Alaska Airlines, parent company of Horizon Airlines, will slash its number of daily flights to and from Pangborn Memorial Airport from three to just one in September.

Chelan-Douglas Regional Port Authority CEO Jim Kuntz said the cut is the result of two main issues: Alaska's ongoing pilot shortage and its transition from smaller turbo propeller airplanes to regional jets.

"What we don't know is when we are going to come back to more normalcy." Kuntz said, "We do not know. I've been asking and we have not gotten any responses to that. So disappointing news."

Horizon's transition to one flight is expected by September 22nd. The lone daily flight is reportedly set to take off from East Wenatchee in the mid-day, possibly around 1:00 pm.

"The schedule is built to be more favorable to people who want to get to Wenatchee." continued Kuntz, "It is not a good schedule for those of us who live here that want to fly out. It makes it an overnight stay and at that point you're driving to SeaTac, you're driving to Spokane, you're driving to some other airport."

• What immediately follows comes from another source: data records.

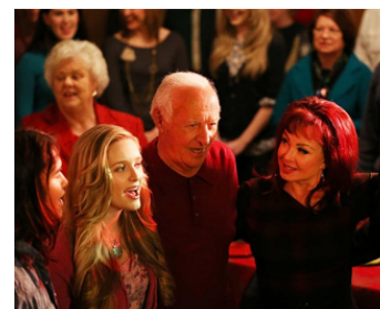
2014 UN NOUVEAU DÉPART POUR NOËL de J. Culver avec Ch. Closshedy, Naomi Judd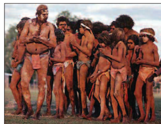
"Kom så bjuder vi på bira!"

Men då kom en massa solbrända killar ner och tog pinnarna ifrån oss och sa att vi skulle följa med dom upp i skogen, så skulle vi få en bira. Sk-tsnack tänkte jag. Inte bjuder dom där på bira."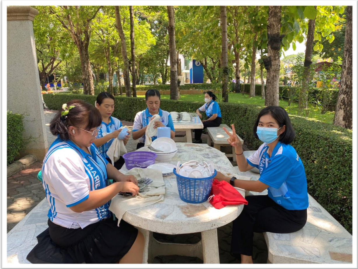
จัดเตรียมอุปกรณ์การเสิร์ฟ งาน ซ้อม ส้อม แก้วน้ำ ล้างทำความสะอาด เตรียมใช้เสิร์ฟ ในวันฉลองวัดแม่พระแห่งสายประคำศักดิ์สิทธิ์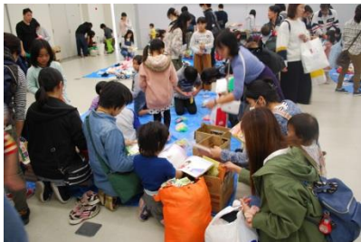
こども用品とりかえっこ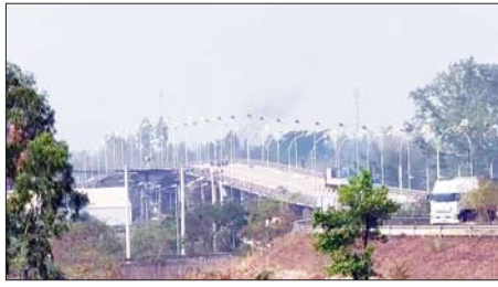
မြန်မာ-ထိုင်း ချစ်ကြည်ရေးတံတားအမှတ်(၂) နှင့် ကုန်တင်ယာဉ်များ သွားလာမှုကိုတွေ့ရစဉ်။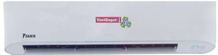
Características Técnicas Específicas del Aire Acondicionado MiniSplit, InverSplit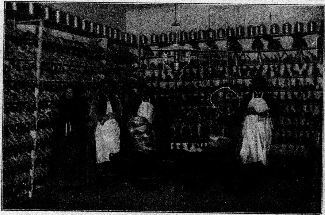
5. ábra. Baromfi-csomagoló-terem.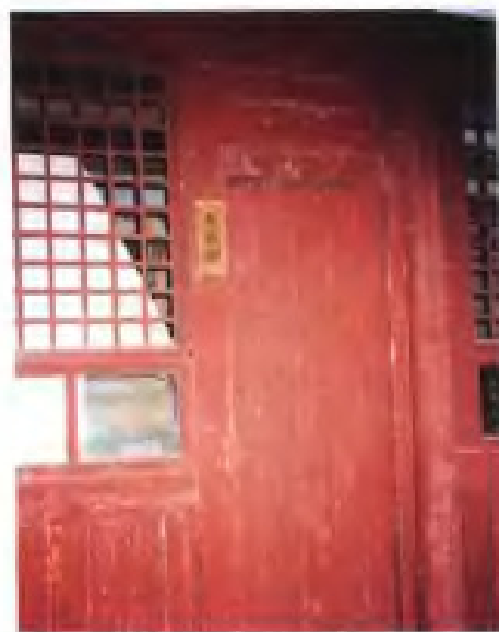
▲福建省苏维埃政府裁判部旧址（长汀县）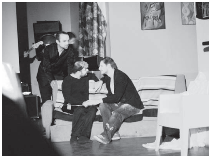
Teatr Bob Krakov.

V autentickom prostredí baru študentského V-klubu na Budovateľskej ulici v Prešove uviedlo krakovské študentské divadlo alúzie na texty špičkového poľského autora Rolanda Topora (Topor je aj po poľsky – veľká sekera). Divadelná kreácia na pomedzí alkoholologickej vízie, sna a reality, v sprievode kvalitnej alternatívnej hudby s pestrými videoprojekciami vytvárala pomerne zážitkový obraz špeciálne prečítaného Topora. Generačne mladému publiku sa to zrejme pozdávalo. Zostali však aj otázky: Čo to bol za herecký štýl? Chvilami „guláš“? Chvilami štylizácia? A potom „brutál“? Najsilnejším zážitkom bola hudba naživo, ktorá neskôr v Christianii zasiahla aj bohato divácky obsadený podnik.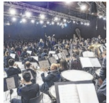
Konzert in der Steinbach-Halle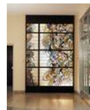
Entwurf: F. May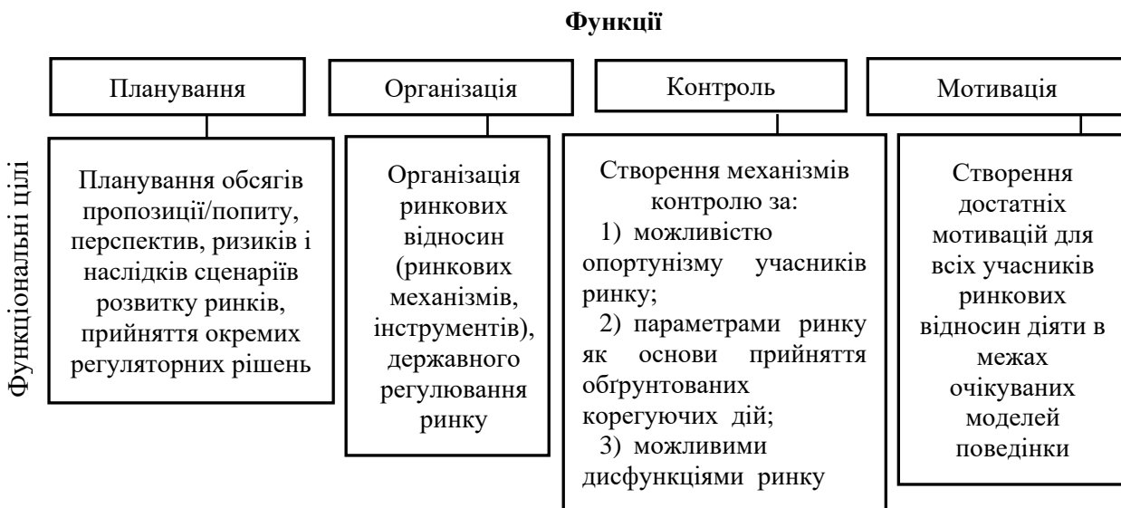
Рис. 1. Функції контрактації як системи управління процесом формування, функціонування та розвитку репрезентативного ринку

Звідси, як і будь-який регулятивний процес, по суті, контрактація є особливою управлінською системою, при реалізації якої повинні бути забезпечені класичні управлінські функції (рис. 1).

Horizon's reduction of daily flights to the Wenatchee Valley is part of a larger scaling-back of service by Alaska Airlines. Airports across the Pacific Northwest will see their daily flights slashed, although Pangborn is reportedly one of only two airports in the region that will see its flights reduced by as much as two thirds.

An additional airline carrier that provides less-than-daily service has allegedly expressed interest in flying into Pangborn. Although the destination city has not been named, it was described as an hour to an hour-and-a-half away and supports 21 seasonal 1-way destinations including Mexico City, Chicago, Atlanta and New York. Local officials could try to lure the carrier to the Wenatchee Valley through tax incentives and by providing aviation fuel at cost.

Kuntz added that the port needs to continue to plan like Pangborn will be a great regional facility. The airport will get a new, $35 million runway in 2025 and is in the process of widening some of its taxiway to meet FAA standards.